As if that weren’t enough gluteny gluttony, I also enjoyed the best muffin of my life in London. I have yet to find a recipe that’s anything like it, so I’ll have to come up with my own gluten-free version at some point.  Called an Orange and Lemon muffin, it featured candied orange peel and a sticky orange glaze on top, a moist and citrusy muffin below–and then, as if that weren’t enough, lemon curd in the middle.  I was very happy with my muffin purchase even before I made that discovery, but when I bit into a zingy bite of lemon curd, I was absolutely in heaven.

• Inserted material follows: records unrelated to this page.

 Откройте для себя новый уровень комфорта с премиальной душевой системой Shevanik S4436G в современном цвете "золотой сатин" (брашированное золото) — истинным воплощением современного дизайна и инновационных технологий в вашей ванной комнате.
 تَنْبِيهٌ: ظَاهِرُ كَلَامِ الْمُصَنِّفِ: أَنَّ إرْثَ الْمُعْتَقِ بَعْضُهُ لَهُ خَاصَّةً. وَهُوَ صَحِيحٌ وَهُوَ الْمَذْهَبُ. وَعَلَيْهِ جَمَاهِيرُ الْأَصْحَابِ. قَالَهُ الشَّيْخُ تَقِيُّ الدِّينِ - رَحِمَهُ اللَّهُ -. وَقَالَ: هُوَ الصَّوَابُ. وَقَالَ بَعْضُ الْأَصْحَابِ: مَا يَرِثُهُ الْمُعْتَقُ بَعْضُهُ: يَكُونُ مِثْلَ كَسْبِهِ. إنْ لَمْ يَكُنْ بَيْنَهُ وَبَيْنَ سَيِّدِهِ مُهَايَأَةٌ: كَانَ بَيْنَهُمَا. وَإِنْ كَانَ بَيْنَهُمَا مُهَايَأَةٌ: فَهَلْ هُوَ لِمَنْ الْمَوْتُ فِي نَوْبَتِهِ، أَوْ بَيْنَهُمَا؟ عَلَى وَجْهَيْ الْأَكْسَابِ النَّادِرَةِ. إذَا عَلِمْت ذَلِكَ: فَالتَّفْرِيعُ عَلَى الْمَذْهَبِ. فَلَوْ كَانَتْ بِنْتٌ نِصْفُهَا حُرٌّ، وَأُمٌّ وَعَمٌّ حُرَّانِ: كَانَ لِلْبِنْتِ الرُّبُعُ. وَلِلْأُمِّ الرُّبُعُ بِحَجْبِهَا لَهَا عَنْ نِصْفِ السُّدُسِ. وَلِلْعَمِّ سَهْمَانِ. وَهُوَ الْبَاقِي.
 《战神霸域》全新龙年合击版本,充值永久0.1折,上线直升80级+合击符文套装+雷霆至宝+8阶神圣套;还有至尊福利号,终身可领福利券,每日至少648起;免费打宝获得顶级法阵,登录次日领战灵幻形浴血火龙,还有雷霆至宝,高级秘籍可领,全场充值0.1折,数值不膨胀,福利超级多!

So, in a nutshell, that was London.  A few days later, The Hubs and I headed out for Boise, my hometown, where we spent some time with my mom–she’s recently moved into assisted living and put her home up for sale,which has been a difficult process. Cleaning out the house where she and my father lived for 45 years was a difficult project for my siblings, to say the least, but the house sold quickly once that was done.  Still, it was important to my mom that we pick the last of my dad’s raspberries before the new owners took possession of the house, so that’s what we did one morning.  We picked raspberries.  Lots and lots of raspberries.


We could have picked twice as many, but after a few hours of work, we figured we had all anyone was going to use or eat.  (As my dad liked to say, you have to leave some for the birds.)  I was sad to see that his rhubarb had finished for the season, and sadder still to see that the garden was so overrun with weeds.  The new owners are very excited about having a large garden space, though, as well as a big yard for their young daughters to play in, and it makes my mom happy to know they’ll take good care of the house we called our home for so many years.

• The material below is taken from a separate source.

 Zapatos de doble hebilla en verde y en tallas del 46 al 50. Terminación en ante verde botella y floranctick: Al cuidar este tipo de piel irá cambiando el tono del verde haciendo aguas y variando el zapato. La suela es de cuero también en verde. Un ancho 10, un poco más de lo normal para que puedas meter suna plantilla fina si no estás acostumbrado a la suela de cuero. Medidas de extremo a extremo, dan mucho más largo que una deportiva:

No trip to Boise is complete without a visit to my favorite drive-in restaurant, Fanci Freez.  It’s just a few blocks from my old high school, and it’s one of my favorite places to feel like a kid again–the crazy selection of shake and sundae flavors still makes me feel a little giddy, even though I have my favorites and rarely deviate from them.  The Hubs and I met a friend there (oddly enough, a friend from graduate school in Kansas who now lives in my hometown–go figure) and enjoyed Boston shakes.

Fanci Freez Boston Shakes

A Boston shake is a regular milkshake, with one exception:  it’s topped with a sundae.  That’s right, you get both a shake and a sundae in one cup, and you can mix and match your flavors.  In the days of my youth, the Boston came in only one size–ginormous–so it was the sort of thing you ate only rarely.  Now, Fanci Freez makes it available to everyone, every day, by offering it in sizes mini through large.  I had a mini coconut shake with a marshmallow sundae on top; The Hubs had a small white chocolate shake with a huckleberry sundae on top.  Just enough ice cream to give us a nice sugar buzz.

I’ll be wriing another post about my mom’s china, which was part of the load we drove back from Boise, as well as a couple of kitchen implements I snagged from storage.  Even though our visit to Boise was only a few days long, it was good to bring back some pieces of my family’s legacy and think about how to make them part of a new generation.